In terms of implications for clinical practice, the findings of this review provide some limited support for acupuncture as a treatment for depression. Most patients with depression will be offered SSRI or SNRI anti-depressants as a first line treatment, and our evidence shows a moderate effect size is associated with acupuncture provided for this patient group. A smaller effect size in a single trial was found when acupuncture plus usual care was compared to usual care alone. The difference may in part be explained by the former trials all being conducted in China, where significantly more treatment sessions were delivered, and the latter trial recruiting from primary care in the UK, with only those patients who had moderate to severe depression, and who mostly received only one treatment a week.

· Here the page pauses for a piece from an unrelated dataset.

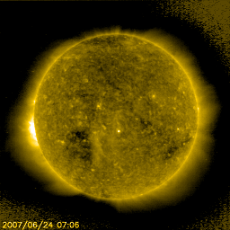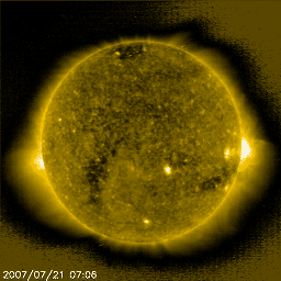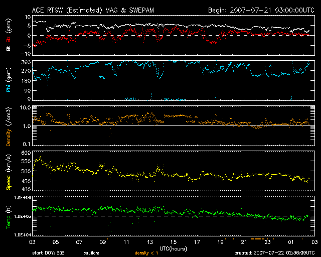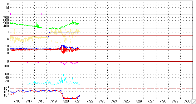 2007/ 7/22 11:37 更新 高速風が続いていますが、速度は低下傾向にあります(450km/秒)。次のコロナホールが見えています。 担当 篠原 昨日のニュースの後、太陽風の速度は一時的に550km/秒に上がりました。 その後、すぐに500km/秒に下がり、 それから現在まで、ゆっくりと低下の傾向にあります。 現在は、ちょうど450km/秒に戻ったところです。 高速風は、既に終盤を迎えています。 引き続き速度は下がり続け、明日には通常の状態にもどりそうです。 今回の高速風は、規模はだいぶ小さなものでした。 オーロラ活動は、最高速付近でやや活発な活動が見られました。 AE指数では、500nTから1000nTに達する中規模の変化が記録されています。 速度が下がり始めると活動は弱まり、小規模の変化にとどまる様になっています。 シベリアの磁場データでは、地方時の関係もあり、 後半の、規模が弱まった頃の変化の方が目立っています。 速度が下がっていますので、今後のオーロラ活動は、一段と穏やかになるでしょう。 SOHO EIT284では、次のコロナホールが太陽の中心へ向かって進んでいます。 7月21日の写真(左)と、27日前の6月24日の写真(右)を比較してください。 ほぼ同じ位置に、同じ様にコロナホールが広がっています。 このため、今回は、前周期と似た変化がやってくるのではないでしょうか。 27日周期の図では、高速風は6月29日に始まっています(この図は世界時です)。 これは、今周期では7月26日に相当します。 日本時間では、27日に入った頃になるかもしれません。 今度の高速風も、規模は小さく、期間は1日程度でした。 放射線帯の高エネルギー電子は、ほとんど増加をしていません。 今回は、大きく増加することはないでしょう。 太陽は無黒点となっています。 X線のレベルは低く、たいへん穏やかな太陽です。 SOHO衛星のEIT284カメラの映像 (c) SOHO (ESA & NASA)

There remain many unanswered questions regarding what might be considered optimal acupuncture, including the number of sessions, frequency of sessions, diagnostic frameworks, flexibility of point prescriptions, role of theoretically informed life-style advice, and the engagement and self-efficacy of the patient. Manual acupuncture showed larger effect sizes than electro-acupuncture when compared to both sham and SSRI/SNRI medication alone. This is an unexpected finding because compared to manual acupuncture, electro-acupuncture has been thought to deliver a greater ’dose’ of acupuncture, as a result of the duration and intensity of stimulation [69
]. Similar to our findings in this regard, evidence for additional benefits of adding electro-stimulation to acupuncture is unclear when outcomes are not related to pain [69
There remain further unanswered questions regarding which patients might find acupuncture most beneficial, in terms of severity of depression, whether on anti-depressants or not, and the implications of comorbidity. We know that when a patient is depressed, they often are experiencing a range of other symptoms, commonly chronic pain, insomnia, digestive disorders, and low energy. Typically, a traditional acupuncturist will take into account this range of symptoms when constructing a treatment plan [71
]. In cases where multi-morbidity from the perspective of biomedicine is perceived as problematic, research is needed to confirm, or otherwise, whether a multi-faceted acupuncture treatment provides a useful single modality solution.